The following are a few commonly used drugs considered safe during breastfeeding:

  • Acetaminophen (Tylenol, Tempra), alcohol (in reasonable amounts), aspirin (in usual doses, for short periods). Most antiepileptic medications, most antihypertensive medications, tetracycline, codeine, nonsteroidal antiinflammatory medications (such as ibuprofin), prednisone, thyroxin, propylthiourocil (PTU), warfarin, tricyclic antidepressants, sertraline (Zoloft), paroxetine (Paxil), other antidepressants, metronidazole (Flagyl), omperazole (Losec), Nix, Kwellada.

    Note: Though generally safe, fluoxetine (Prozac) has a very long half life (stays in the body for a long time). Thus, a baby born to a mother on this drug during the pregnancy, will have large amounts in his body, and even the small amount added during breastfeeding may result in significant accumulation and side effects. These are rare, but have happened. There are two options that you might consider:

    1. Stop the fluoxetine (Prozac) for the last 4 to 8 weeks of your pregnancy.

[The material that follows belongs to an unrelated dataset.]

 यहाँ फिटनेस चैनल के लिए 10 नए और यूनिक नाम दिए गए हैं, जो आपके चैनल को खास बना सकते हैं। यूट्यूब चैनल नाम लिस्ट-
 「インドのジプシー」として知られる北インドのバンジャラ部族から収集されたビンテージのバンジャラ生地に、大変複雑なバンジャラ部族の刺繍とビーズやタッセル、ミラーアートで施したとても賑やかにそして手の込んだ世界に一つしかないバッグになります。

In this way, you will eliminate the drug from your body and so will the baby. Once the baby is born, he will be free of drug and the small amounts in the milk will not usually cause problems and you can restart the fluoxetine (Prozac).
    2. If it is not possible to stop fluoxetine (Prozac) during your pregnancy, consider changing to another drug which does not get into the milk in significant amounts once the baby is born. Two good choices are sertraline (Zoloft) and paroxetine (Paxil).

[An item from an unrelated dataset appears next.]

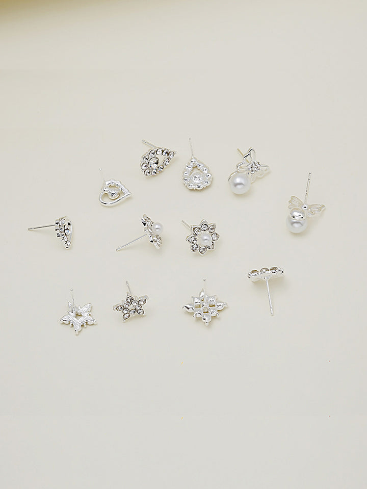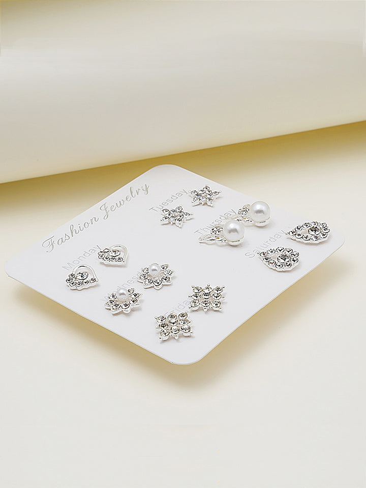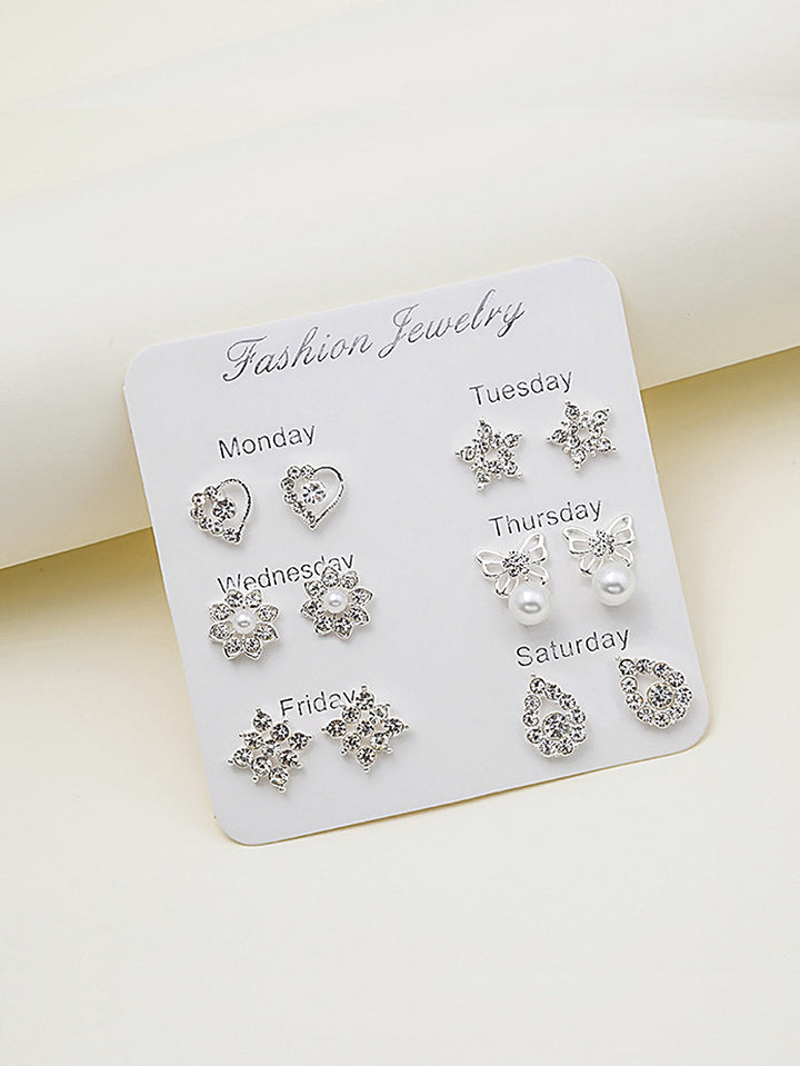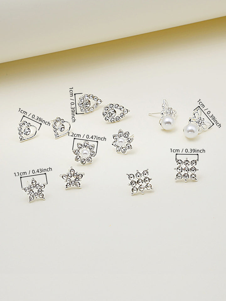 Shein - 1set 6pairs/12pcs Stainless Steel Needle & Cubic Zirconia Stud Earrings, Wear Different Pair Every Day Of The Week

  • Medications applied to the skin, inhaled (for example, drugs for asthma) or applied to the eyes or nose are almost always safe for breastfeeding.
  • Drugs for local or regional anaesthesia are not absorbed from the baby's stomach and are safe. Drugs for general anaesthesia will get into the milk in only tiny amounts (like all drugs) and are extremely unlikely to cause any effects on your baby. They usually have very short half lives and are eliminated extremely rapidly from your body. You can breastfeed as soon as you are awake and up to it.
  • Immunizations given to the mother do not require her to stop breastfeeding. On the contrary, the immunization will help the baby develop immunity to that immunization, if anything gets into the milk. In fact, most of the time nothing does get into the milk, except, possibly some of the live virus immunizations, such as German Measles. And that's good, not bad.
  • X-rays and scans. Ordinary X-rays do not require a mother to stop breastfeeding even when used with contrast (example, intravenous pyelogram). The reason is that the material does not get into the milk, and even if it did it would not be absorbed by the baby. The same is true for CT scans and MRI scans. You do not have to stop for even a second.